Using the listing below, print the line containing "Der Blick vom", the line containing "About two-thirds of", and each line between them, exactly and nothing else. Pictures stay out of the print.

▶ [Information]:
━━━━━━━━

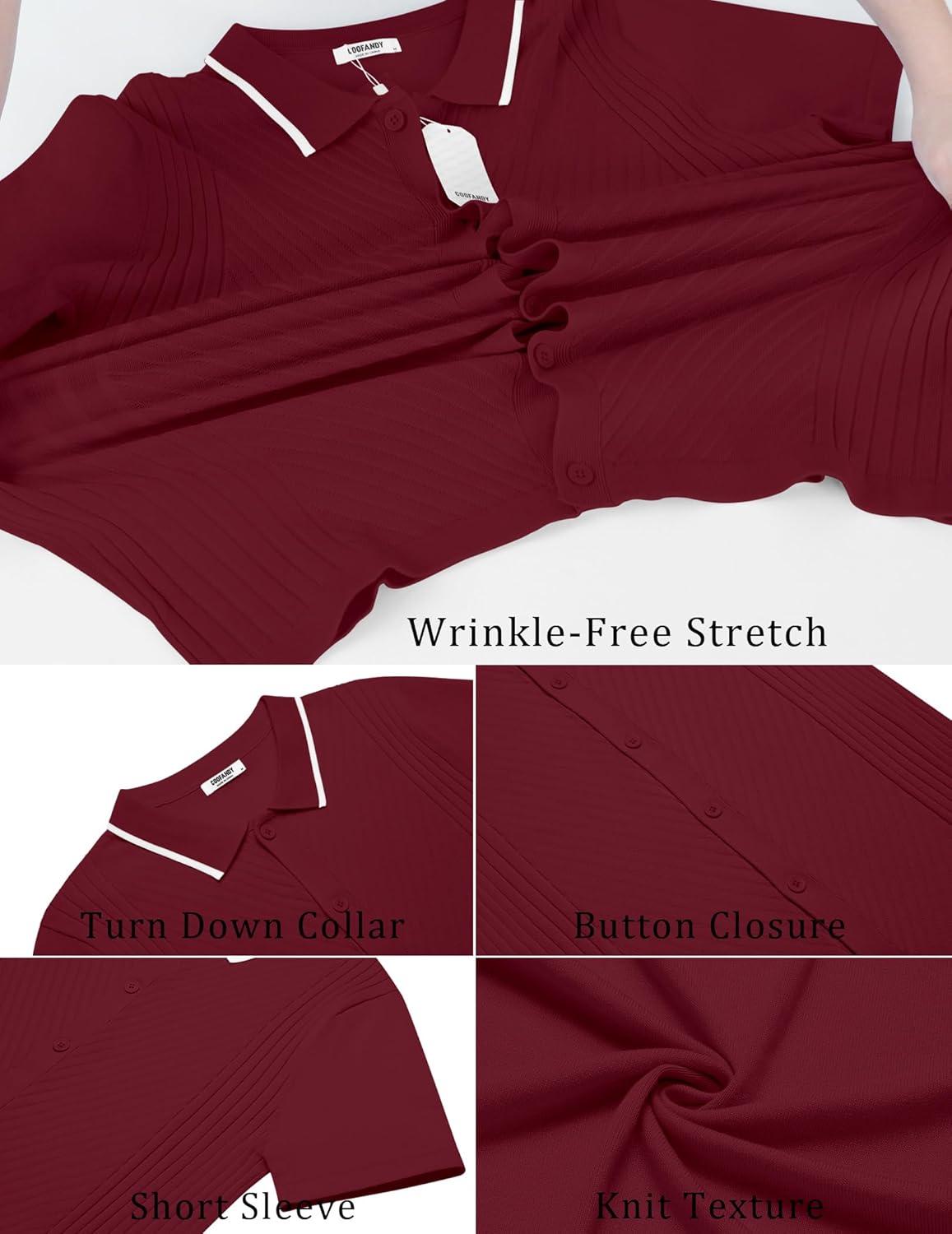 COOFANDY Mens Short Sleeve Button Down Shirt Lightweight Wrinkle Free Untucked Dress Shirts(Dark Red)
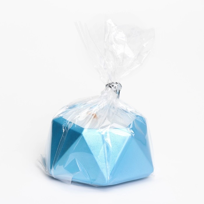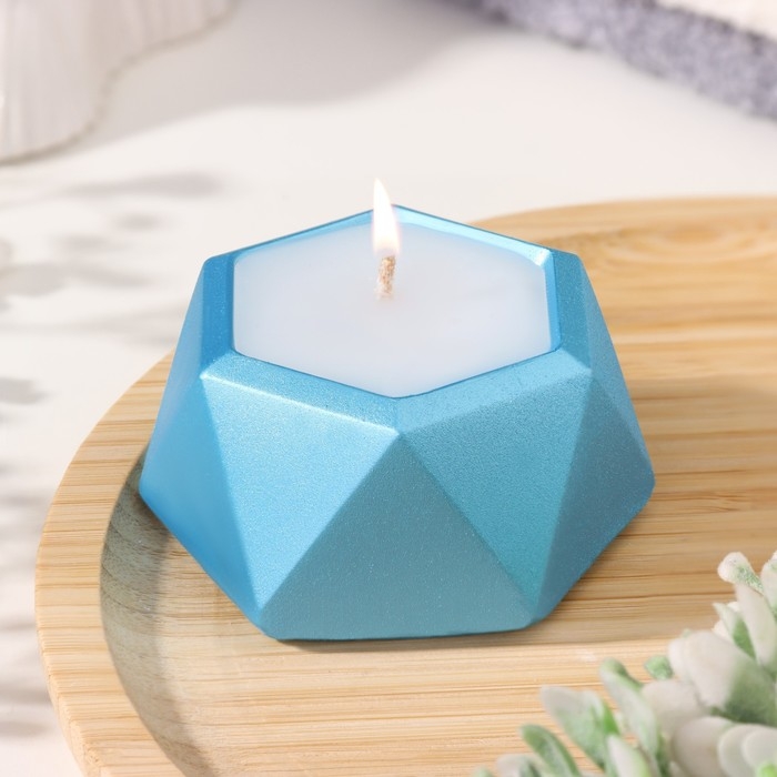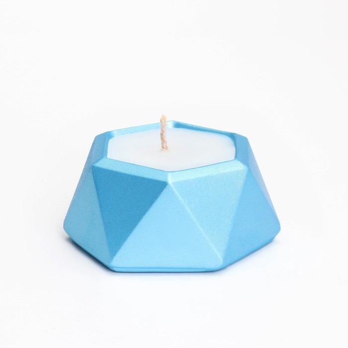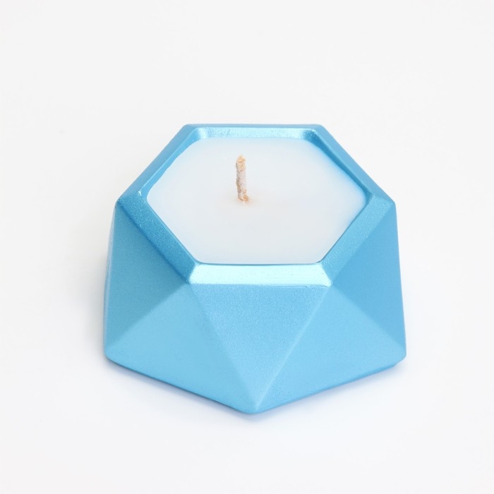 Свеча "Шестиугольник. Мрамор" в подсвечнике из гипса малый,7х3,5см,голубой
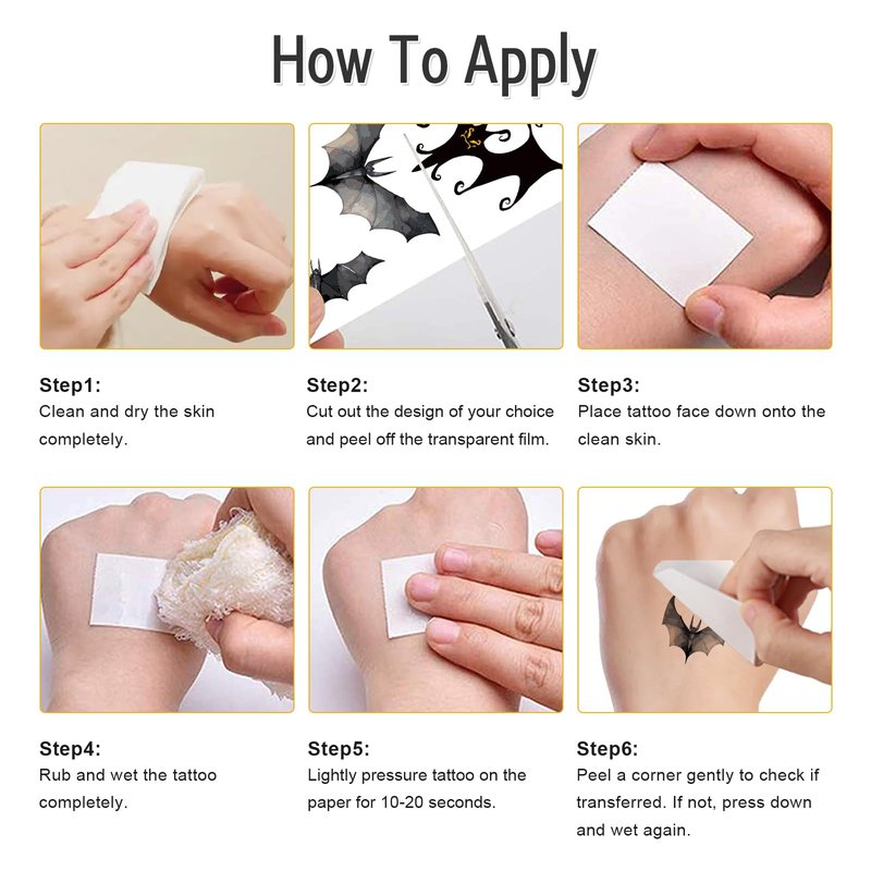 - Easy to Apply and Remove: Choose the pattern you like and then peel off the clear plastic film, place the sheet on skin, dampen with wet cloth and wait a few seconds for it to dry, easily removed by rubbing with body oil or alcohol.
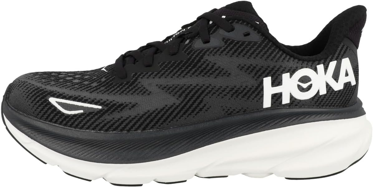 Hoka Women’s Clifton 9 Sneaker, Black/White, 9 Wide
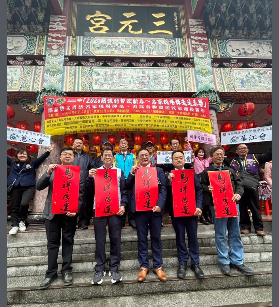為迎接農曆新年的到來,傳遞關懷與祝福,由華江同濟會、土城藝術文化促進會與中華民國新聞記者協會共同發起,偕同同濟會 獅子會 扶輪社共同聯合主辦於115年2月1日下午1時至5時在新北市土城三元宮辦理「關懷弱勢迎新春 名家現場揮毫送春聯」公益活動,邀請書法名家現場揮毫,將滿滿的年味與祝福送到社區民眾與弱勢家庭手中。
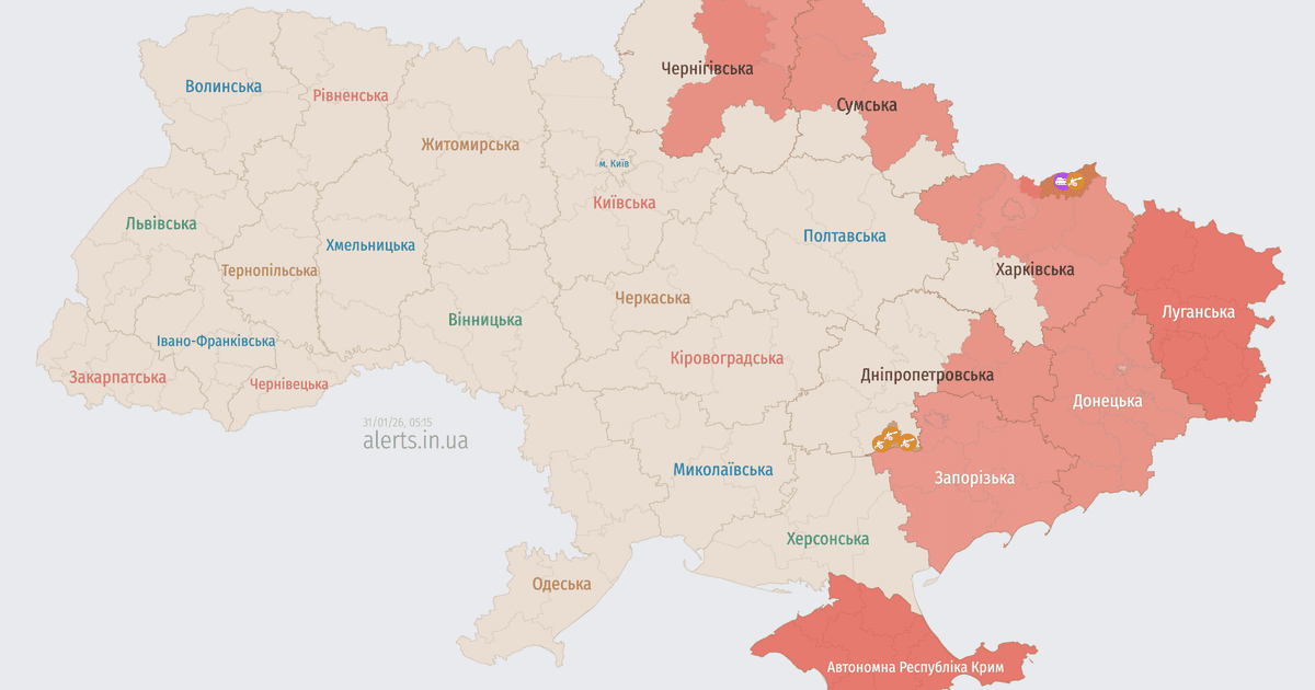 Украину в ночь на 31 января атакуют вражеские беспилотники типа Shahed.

━━━━━━━━

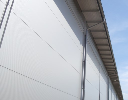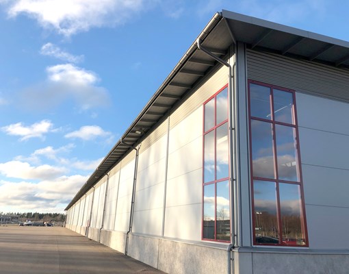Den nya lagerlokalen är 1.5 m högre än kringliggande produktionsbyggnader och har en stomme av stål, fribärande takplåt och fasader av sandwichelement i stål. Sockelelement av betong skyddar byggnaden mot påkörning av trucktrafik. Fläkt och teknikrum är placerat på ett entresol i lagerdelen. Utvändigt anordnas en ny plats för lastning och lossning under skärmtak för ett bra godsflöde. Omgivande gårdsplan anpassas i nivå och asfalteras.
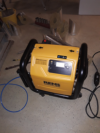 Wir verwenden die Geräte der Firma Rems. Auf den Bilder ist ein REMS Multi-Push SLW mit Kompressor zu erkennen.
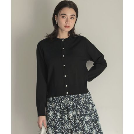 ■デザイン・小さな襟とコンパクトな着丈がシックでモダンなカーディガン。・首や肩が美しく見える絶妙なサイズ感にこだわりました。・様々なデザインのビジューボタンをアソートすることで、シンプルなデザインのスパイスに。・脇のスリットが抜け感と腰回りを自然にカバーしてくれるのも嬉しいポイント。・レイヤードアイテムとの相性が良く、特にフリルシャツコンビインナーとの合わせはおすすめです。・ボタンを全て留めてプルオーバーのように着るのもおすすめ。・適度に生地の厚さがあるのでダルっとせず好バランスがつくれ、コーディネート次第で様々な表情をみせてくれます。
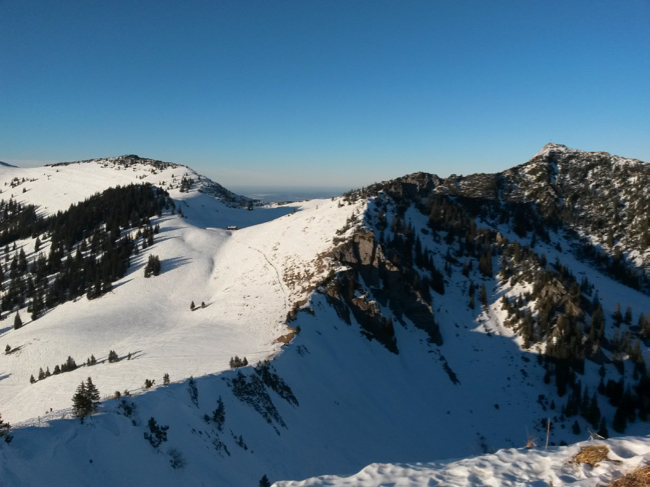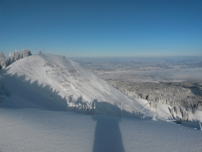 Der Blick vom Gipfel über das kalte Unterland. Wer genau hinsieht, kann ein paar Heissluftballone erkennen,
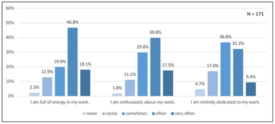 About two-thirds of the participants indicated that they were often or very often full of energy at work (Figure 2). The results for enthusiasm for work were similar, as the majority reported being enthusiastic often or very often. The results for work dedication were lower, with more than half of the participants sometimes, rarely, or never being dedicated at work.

━━━━━━━━

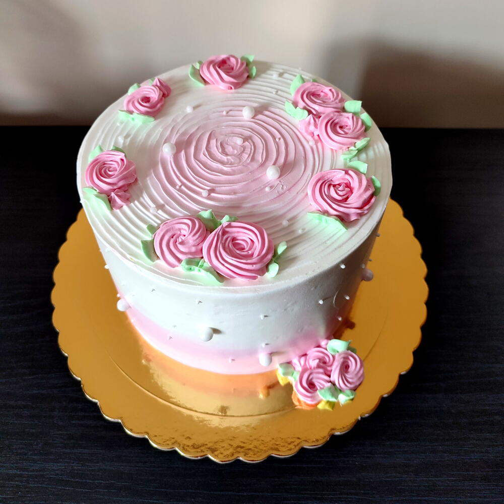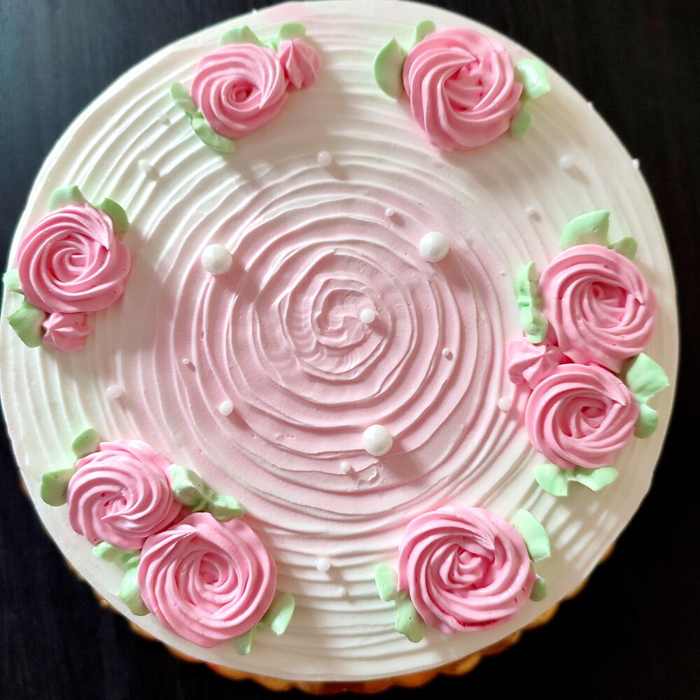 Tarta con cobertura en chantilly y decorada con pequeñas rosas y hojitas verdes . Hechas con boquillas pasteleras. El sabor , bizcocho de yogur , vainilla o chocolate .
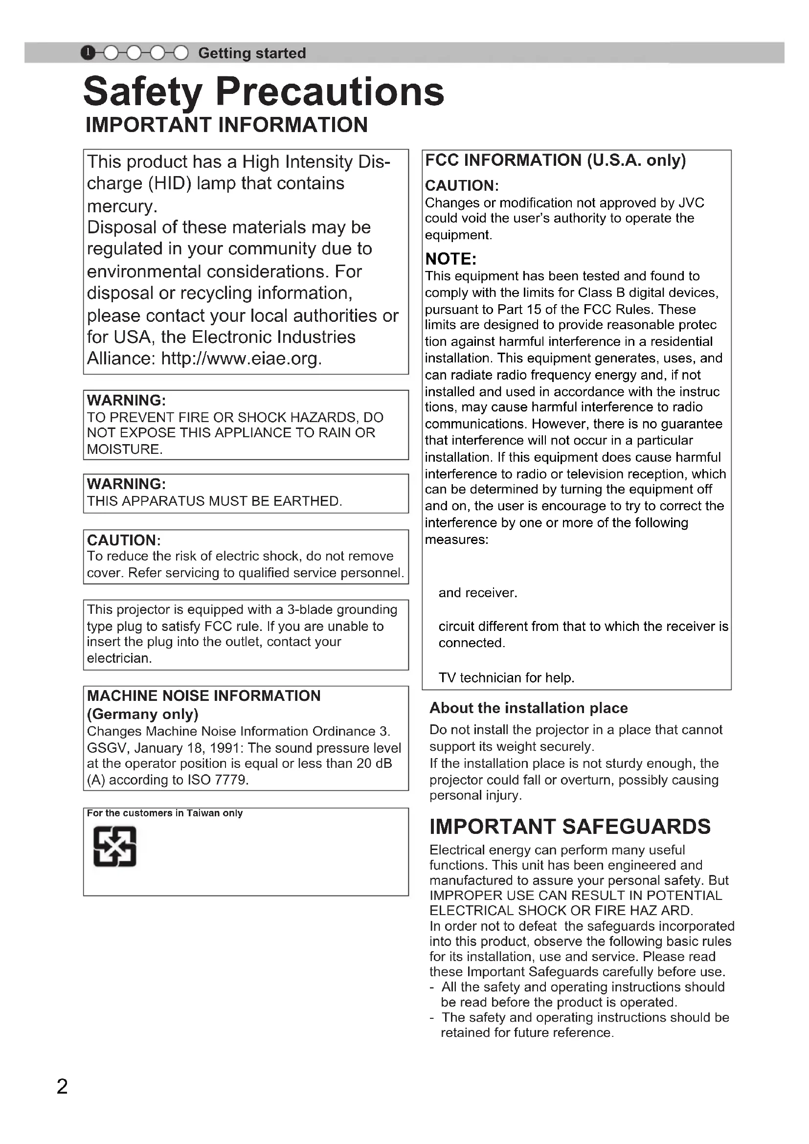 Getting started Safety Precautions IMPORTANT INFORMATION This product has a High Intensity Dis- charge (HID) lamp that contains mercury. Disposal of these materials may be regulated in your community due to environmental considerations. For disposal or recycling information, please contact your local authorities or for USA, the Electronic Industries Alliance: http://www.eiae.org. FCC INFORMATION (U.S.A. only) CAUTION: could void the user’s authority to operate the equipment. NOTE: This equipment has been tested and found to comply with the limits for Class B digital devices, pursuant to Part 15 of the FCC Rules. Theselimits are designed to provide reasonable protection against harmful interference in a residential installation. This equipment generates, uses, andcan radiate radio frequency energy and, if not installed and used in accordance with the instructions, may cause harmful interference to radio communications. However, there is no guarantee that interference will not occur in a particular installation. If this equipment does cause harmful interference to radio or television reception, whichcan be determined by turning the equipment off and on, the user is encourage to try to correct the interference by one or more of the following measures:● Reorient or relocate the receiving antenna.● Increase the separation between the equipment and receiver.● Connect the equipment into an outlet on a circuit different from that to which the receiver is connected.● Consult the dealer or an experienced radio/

━━━━━━━━

▶ [Response area]:
 Der Blick vom Gipfel über das kalte Unterland. Wer genau hinsieht, kann ein paar Heissluftballone erkennen,
 About two-thirds of the participants indicated that they were often or very often full of energy at work (Figure 2). The results for enthusiasm for work were similar, as the majority reported being enthusiastic often or very often. The results for work dedication were lower, with more than half of the participants sometimes, rarely, or never being dedicated at work.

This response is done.